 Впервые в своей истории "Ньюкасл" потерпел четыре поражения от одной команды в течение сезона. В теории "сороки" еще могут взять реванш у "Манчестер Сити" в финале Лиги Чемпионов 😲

________________________

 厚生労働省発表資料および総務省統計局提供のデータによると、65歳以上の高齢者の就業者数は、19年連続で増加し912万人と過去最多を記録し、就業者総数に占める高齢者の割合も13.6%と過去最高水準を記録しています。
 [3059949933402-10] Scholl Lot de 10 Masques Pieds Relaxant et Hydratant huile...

________________________

_WHAT YOU WILL DO_: Repeat word for word the lines above that run from the line containing "厚生労働省発表資料および総務" through the line containing "[3059949933402-10] Scholl Lot", both ends included, and nothing else.

_ANSWER_:
 厚生労働省発表資料および総務省統計局提供のデータによると、65歳以上の高齢者の就業者数は、19年連続で増加し912万人と過去最多を記録し、就業者総数に占める高齢者の割合も13.6%と過去最高水準を記録しています。
 [3059949933402-10] Scholl Lot de 10 Masques Pieds Relaxant et Hydratant huile...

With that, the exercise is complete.